# Best thang that eva came outta Bamma



## Hooked On Quack (Feb 3, 2015)




----------



## Hankus (Feb 4, 2015)

an I thalt you'd say somethin crazy like Chandler Champion


----------



## fish hawk (Feb 4, 2015)

Skynyrd aint from Bama......That place over there is a kingdom of used car lots and flea markets!!!


----------



## gobbleinwoods (Feb 4, 2015)

fish hawk said:


> Skynyrd aint from Bama......That place over there is a kingdom of used car lots and flea markets!!!



trailer parks too.


----------



## fish hawk (Feb 4, 2015)

gobbleinwoods said:


> trailer parks too.



Broke down cars and a hundred dogs tied up in the front yard.
Thanks Quack!!!


----------



## fish hawk (Feb 4, 2015)

They also believe Saban is the second coming of Christ.


----------



## fish hawk (Feb 4, 2015)

They even toilet paper there own trees!!!


----------



## Rebel Yell (Feb 4, 2015)

fish hawk said:


> They also believe Saban is the second coming of Christ.



Yet they hate Belichick.


----------



## dick7.62 (Feb 4, 2015)

And I always thought it was I-20.


----------



## specialk (Feb 4, 2015)

make fun all you want....they got Talladega......


----------



## greene_dawg (Feb 4, 2015)

fish hawk said:


> Skynyrd aint from Bama......That place over there is a kingdom of used car lots and flea markets!!!

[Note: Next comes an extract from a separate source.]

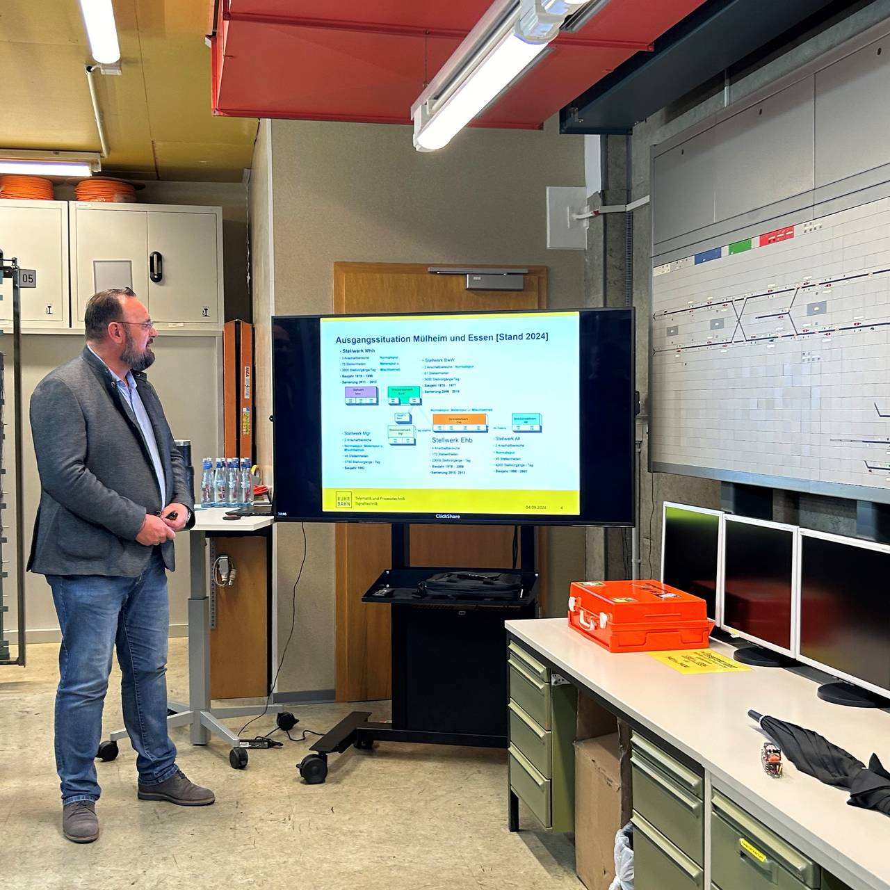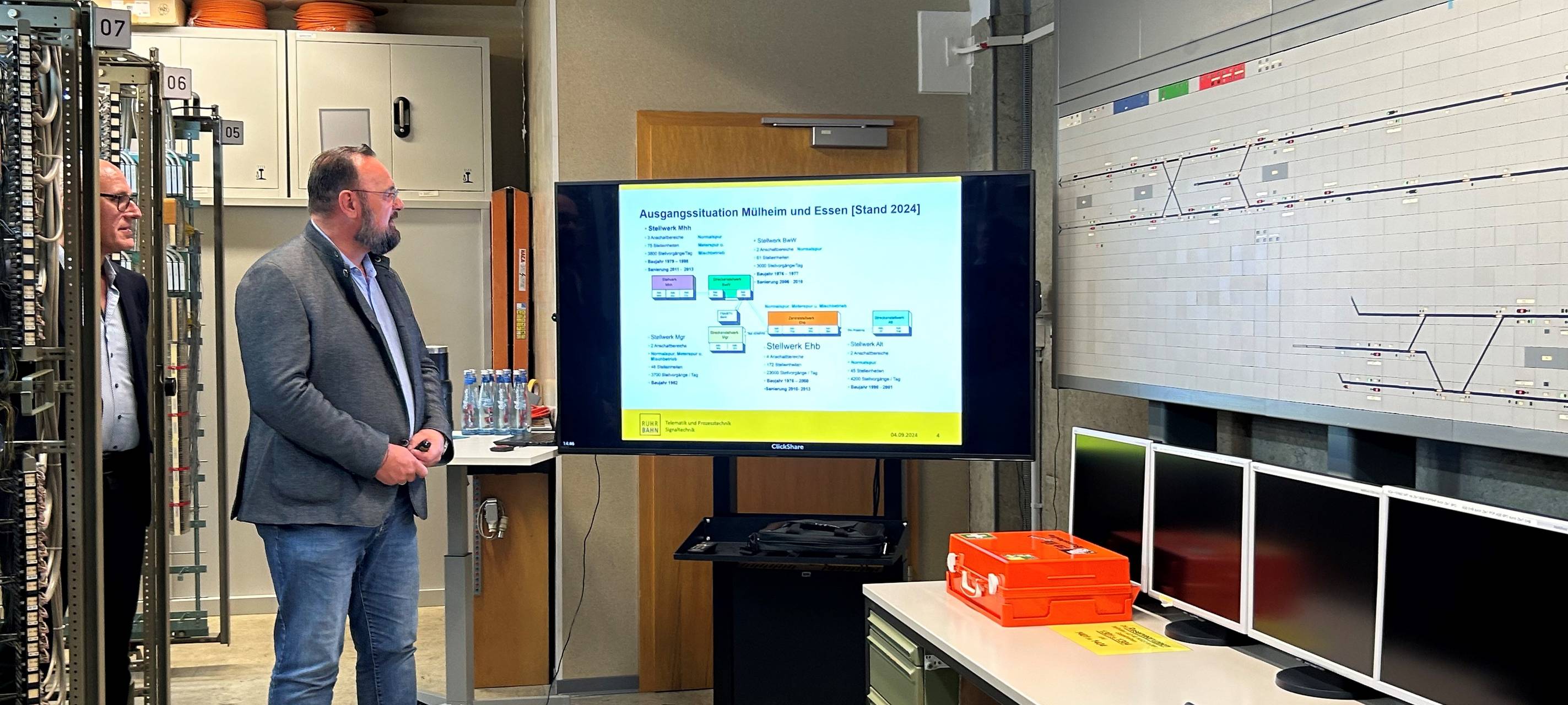 In Essen fahren die Straßenbahnen und U-Bahnen nur, wenn die Relais in den Stellwerken hin und her schalten. Das sind 2 Millionen Schaltspiele im Jahr. In Zukunft wird das anders laufen. Da wird alles über große Serverschränke gesteuert. Im Moment müssen die Informationen aus der analogen Technik noch über eine Schnittstelle an die digitale Technik bei der Ruhrbahn weitergeleitet werden. Wer sich mit Schnittstellen auskennt, weiß, da kann immer mal wieder was hängen bleiben.

I live here and that is the dang truth. When we moved here I thought "what in the world is the deal will all the used car lots???". We have a dozen in this little town alone, one of the states largest flea markets, and a chicken auction. Fishing and hunting is good and there are some real fine folks here but I can't get out of here soon enough.


----------



## BROWNING7WSM (Feb 4, 2015)

greene_dawg said:


> I live here and that is the dang truth. When we moved here I thought "what in the world is the deal will all the used car lots???". We have a dozen in this little town alone, one of the states largest flea markets, and a chicken auction. Fishing and hunting is good and there are some real fine folks here but I can't get out of here soon enough.



Don't head East....

This Crap State is no better.  Especially filthy poor south ga.


----------



## fish hawk (Feb 4, 2015)

BROWNING7WSM said:


> Don't head East....
> 
> This Crap State is no better.  Especially filthy poor south ga.

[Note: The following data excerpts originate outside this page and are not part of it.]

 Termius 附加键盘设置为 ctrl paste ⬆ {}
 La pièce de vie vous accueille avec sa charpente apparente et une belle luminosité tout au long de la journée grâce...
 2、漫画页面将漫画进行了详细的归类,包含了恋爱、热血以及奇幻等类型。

And in the mean time down at the trailer court Cheyenne heads  to liquor store to reup on a pack of newports and a pint of knotty head.


----------



## BROWNING7WSM (Feb 4, 2015)

fish hawk said:


> And in the mean time down at the trailer court Cheyenne heads  to liquor store to reup on a pack of newports and a pint of knotty head.



Lol

All this thread is pot calling the kettle black.  


You are for sure a rookie at this

Now, get off the computer and let the next guy in line at the library have a go.  You can mosey on back to the Harris unemployment office


----------



## BROWNING7WSM (Feb 4, 2015)

And when your girlfriend gets done posing with my cup, give it back.


----------



## BROWNING7WSM (Feb 4, 2015)

On second thought, just burn it in your rusted burn barrel


----------



## fish hawk (Feb 4, 2015)

BROWNING7WSM said:


> And when your girlfriend gets done posing with my cup, give it back.



Don't be mad because your girl done up and got hitched!!!


----------



## BROWNING7WSM (Feb 4, 2015)

fish hawk said:


> Don't be mad because your girl done up and got hitched!!!



Dang it!!!

I was so looking forward to being your son inlaw


----------



## Matthew6 (Feb 4, 2015)

Roll Tide


----------



## greene_dawg (Feb 4, 2015)

BROWNING7WSM said:


> Don't head East....
> 
> This Crap State is no better.  Especially filthy poor south ga.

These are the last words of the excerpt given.